Dataset entries:
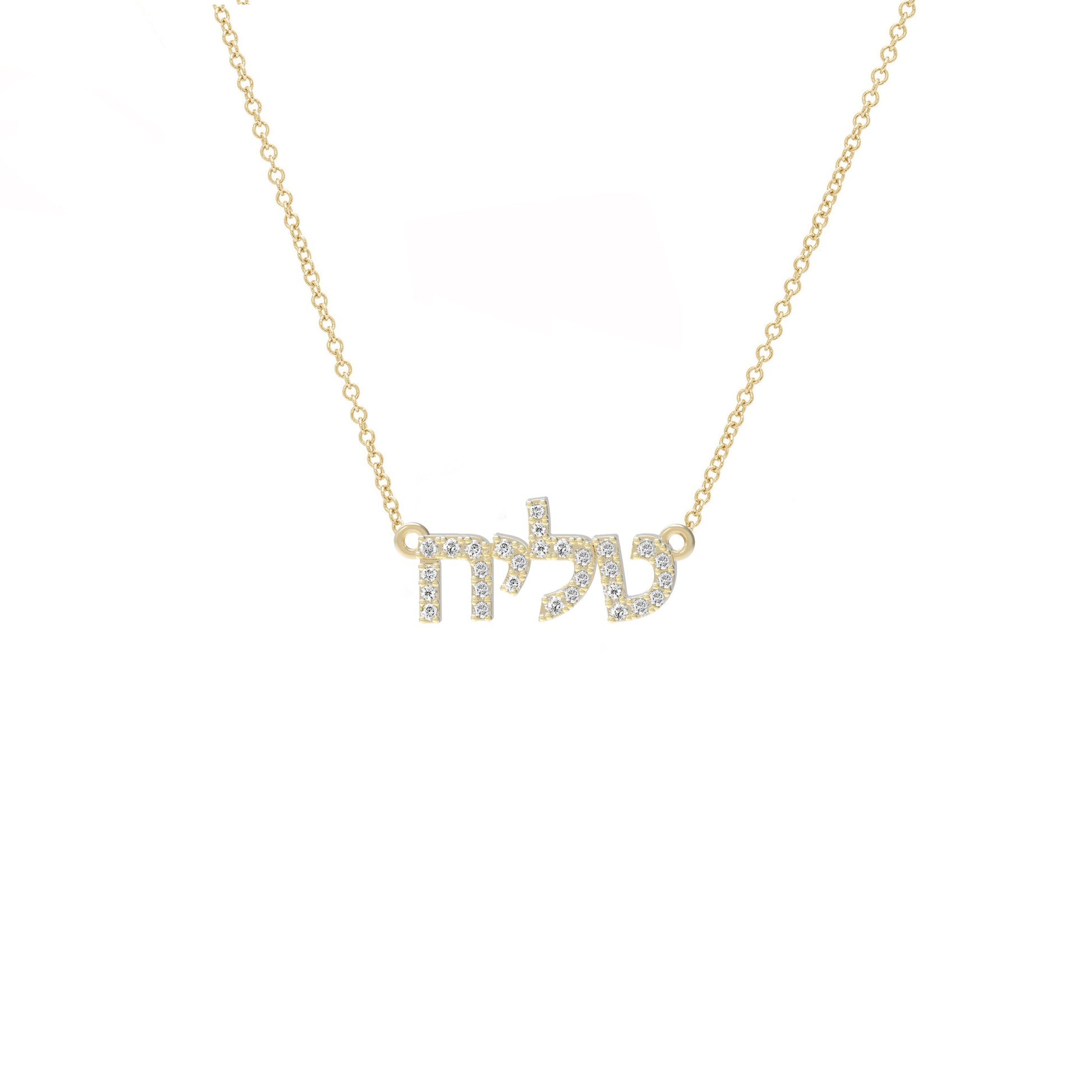 Order your name in 18k or 14k gold and genuine high-quality diamonds, written in a beautiful modern Hebrew block font, specially designed for you. Once we receive your order, we will send you the artwork of the specially designed necklace for your approval before production. To order a double name necklace please contact our customer service. Wouldn’t this make the best personal gift of all times?
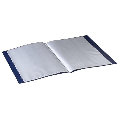 На корешке имеется карман для маркировки содержимого. Папка изготовлена из качественного пластика толщиной 0,7 мм с антибликовой линейной фактурой, а ширина корешка составляет 16 мм. Содержит 20 антибликовых вкладышей, позволяющих хранить документы формата А4 и обеспечивающих их надежную защиту от попадания влаги, пыли и прочих повреждений. Поставляется в индивидуальной упаковке.
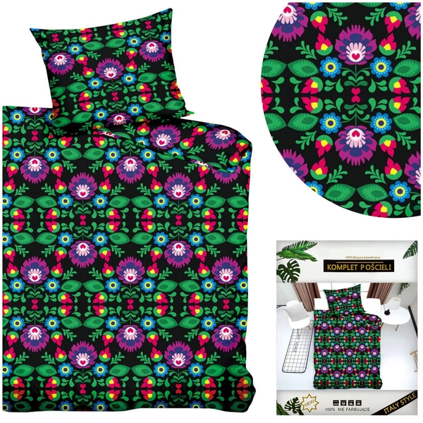 Excellent color rendering and modern designs are characteristic features of Dalwin bedding. Lovers of unconventional motifs will appreciate their creativity, and fans of stylish colors will be entranced. The set, thanks to its simplicity and elegance, will meet the expectations of every customer. The bedding depicts the Lowicz colorful patterns, flowers and leaves on a black background.
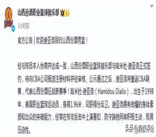 媒体人:山西重签迪亚洛支付了两笔钱CBA能够审查的仅是第二笔钱
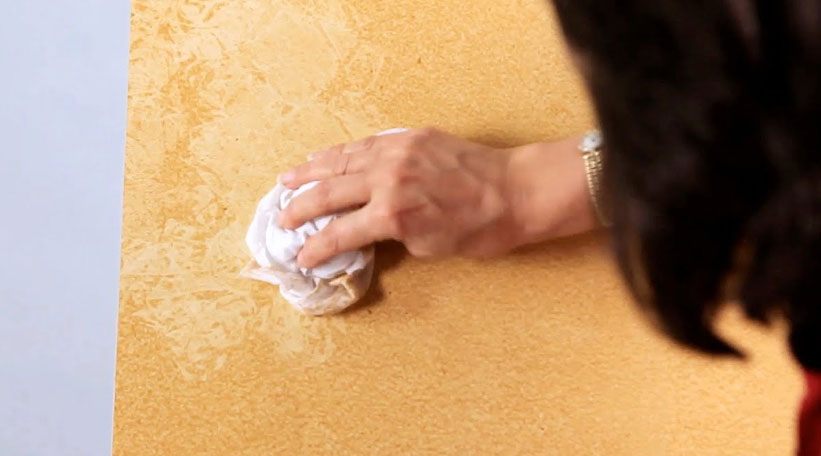 - Dip the rag or lambswool applicator into the mixed glazing compound and begin applying it to the walls. (If needed, remove lint from the lambswool applicator beforehand by “wiping” it with a section of sticky painter’s tape.)
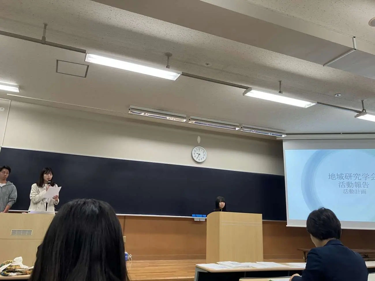 5月27日(火曜日)、11号館0101教室において、地域研究学会・2025年度総会が開催されました。1年生を中心に187名(終了時197名)の会員が出席しました。なお、委任状は14通(定足数:166)。
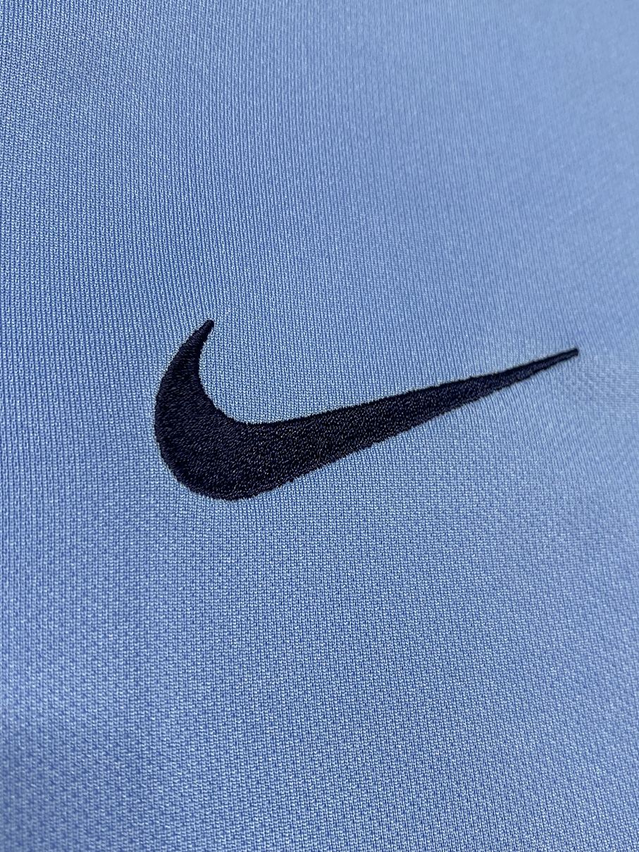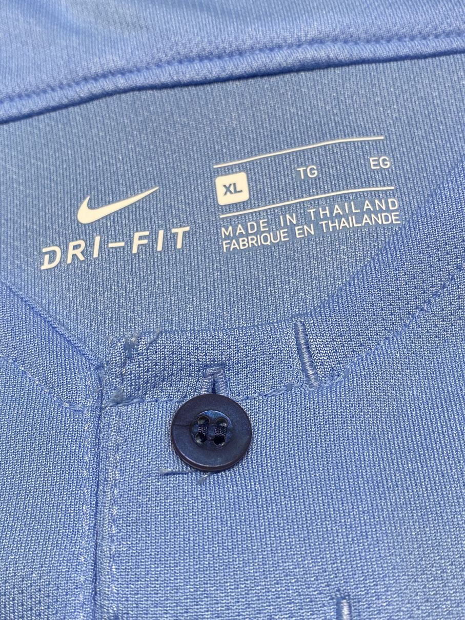 伝統のスカイブルーをベースにしながら、肩から袖のギザギザグラフィックと襟のボタンが独特な印象を与えるモデルになっています。
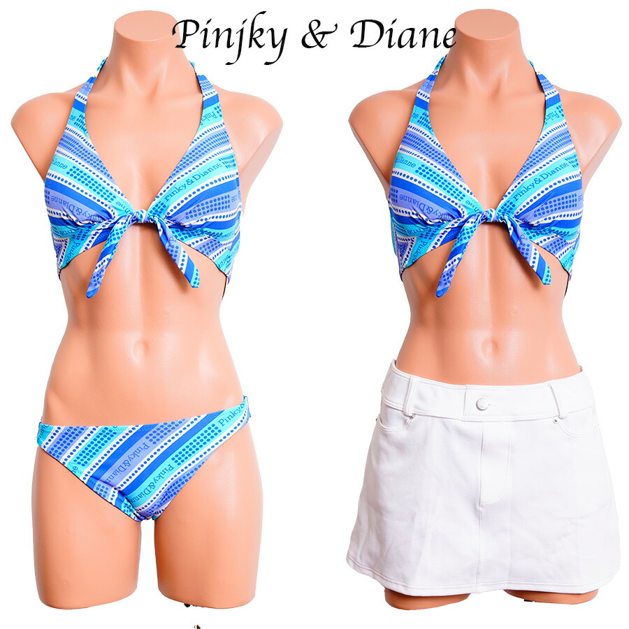 水着 送料無料 レディース セパレート 4点セット ショートパンツ サーフパンツ パンツ付き ホルターネック ビキニ ワイヤービキニ ボーダー柄 & ピンキー&ダイアン
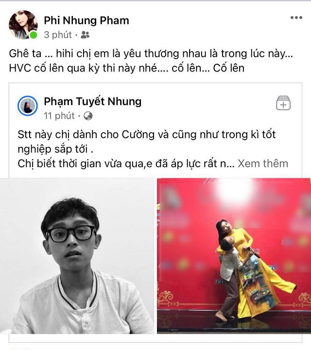 Phi Nhung sau đó cũng lập tức chia sẻ bài viết của con gái nuôi kèm dòng chú thích: “Chị em yêu thương nhau là trong lúc này, Hồ Văn Cường cố lên qua kỳ thi này nhé. Cố lên! Cố lên!”.
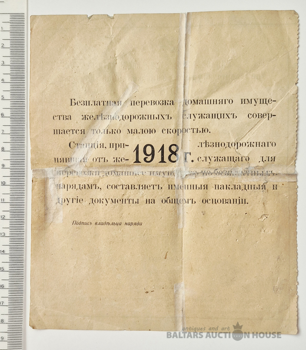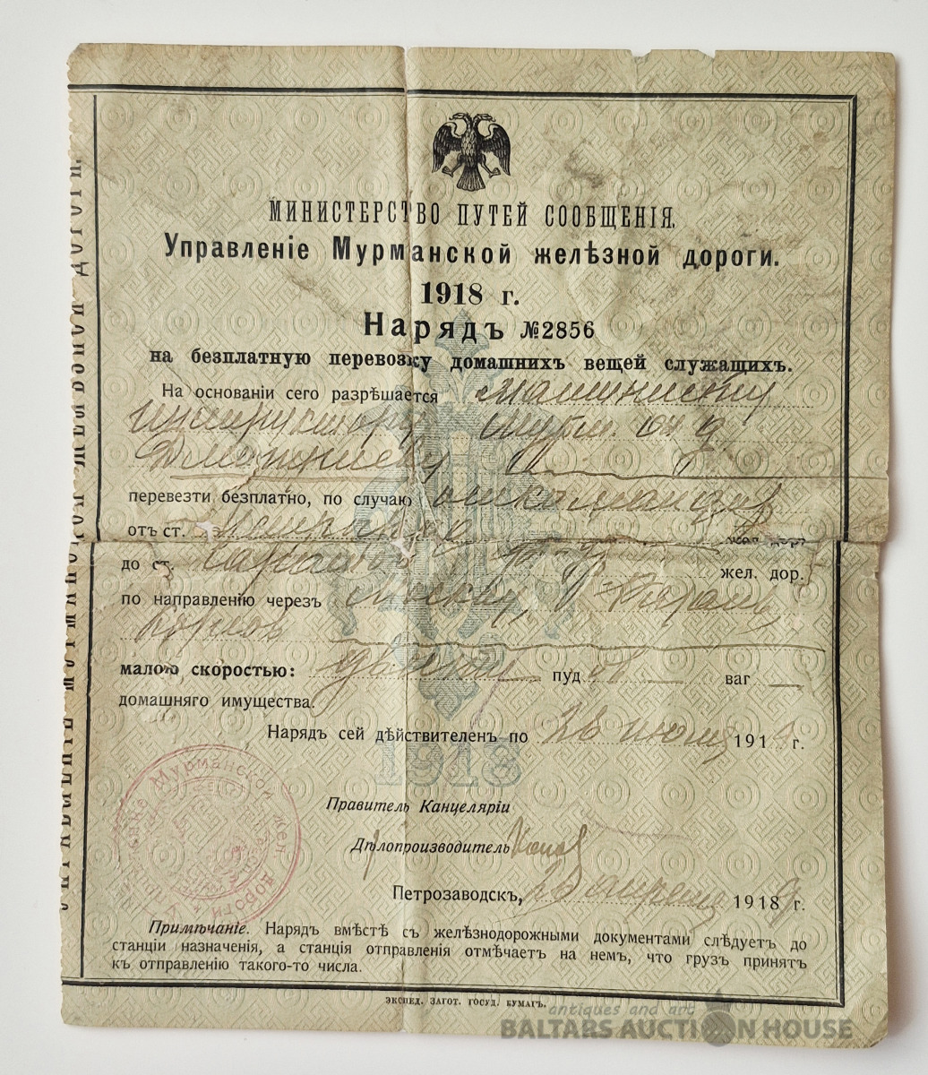 Наряд на бесплатную перевозку домашних вещей служащих. Мин.путей сообщения, 1918г.
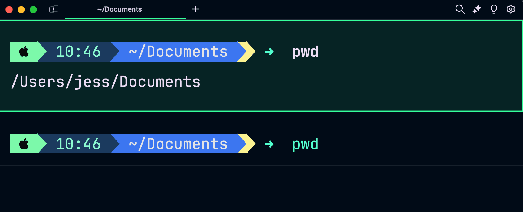 So far, we’ve been talking about the Input Editor and prompt in the context of typing commands. However, the same line prompt brings even more complexity into the implementation of finished blocks as well. For readers who are not as familiar with Warp, finished blocks are essentially commands that have been run, and they are rendered together in a “block” unit, like so:
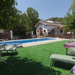 *Jardín con piscina de agua salada, barbacoa y columpios para niños.

Assignment
Give every entry again as it is, dropping its pictures.

Exercise answer
 Order your name in 18k or 14k gold and genuine high-quality diamonds, written in a beautiful modern Hebrew block font, specially designed for you. Once we receive your order, we will send you the artwork of the specially designed necklace for your approval before production. To order a double name necklace please contact our customer service. Wouldn’t this make the best personal gift of all times?
 На корешке имеется карман для маркировки содержимого. Папка изготовлена из качественного пластика толщиной 0,7 мм с антибликовой линейной фактурой, а ширина корешка составляет 16 мм. Содержит 20 антибликовых вкладышей, позволяющих хранить документы формата А4 и обеспечивающих их надежную защиту от попадания влаги, пыли и прочих повреждений. Поставляется в индивидуальной упаковке.
 Excellent color rendering and modern designs are characteristic features of Dalwin bedding. Lovers of unconventional motifs will appreciate their creativity, and fans of stylish colors will be entranced. The set, thanks to its simplicity and elegance, will meet the expectations of every customer. The bedding depicts the Lowicz colorful patterns, flowers and leaves on a black background.
 媒体人:山西重签迪亚洛支付了两笔钱CBA能够审查的仅是第二笔钱
 - Dip the rag or lambswool applicator into the mixed glazing compound and begin applying it to the walls. (If needed, remove lint from the lambswool applicator beforehand by “wiping” it with a section of sticky painter’s tape.)
 5月27日(火曜日)、11号館0101教室において、地域研究学会・2025年度総会が開催されました。1年生を中心に187名(終了時197名)の会員が出席しました。なお、委任状は14通(定足数:166)。
 伝統のスカイブルーをベースにしながら、肩から袖のギザギザグラフィックと襟のボタンが独特な印象を与えるモデルになっています。
 水着 送料無料 レディース セパレート 4点セット ショートパンツ サーフパンツ パンツ付き ホルターネック ビキニ ワイヤービキニ ボーダー柄 & ピンキー&ダイアン
 Phi Nhung sau đó cũng lập tức chia sẻ bài viết của con gái nuôi kèm dòng chú thích: “Chị em yêu thương nhau là trong lúc này, Hồ Văn Cường cố lên qua kỳ thi này nhé. Cố lên! Cố lên!”.
 Наряд на бесплатную перевозку домашних вещей служащих. Мин.путей сообщения, 1918г.
 So far, we’ve been talking about the Input Editor and prompt in the context of typing commands. However, the same line prompt brings even more complexity into the implementation of finished blocks as well. For readers who are not as familiar with Warp, finished blocks are essentially commands that have been run, and they are rendered together in a “block” unit, like so:
 *Jardín con piscina de agua salada, barbacoa y columpios para niños.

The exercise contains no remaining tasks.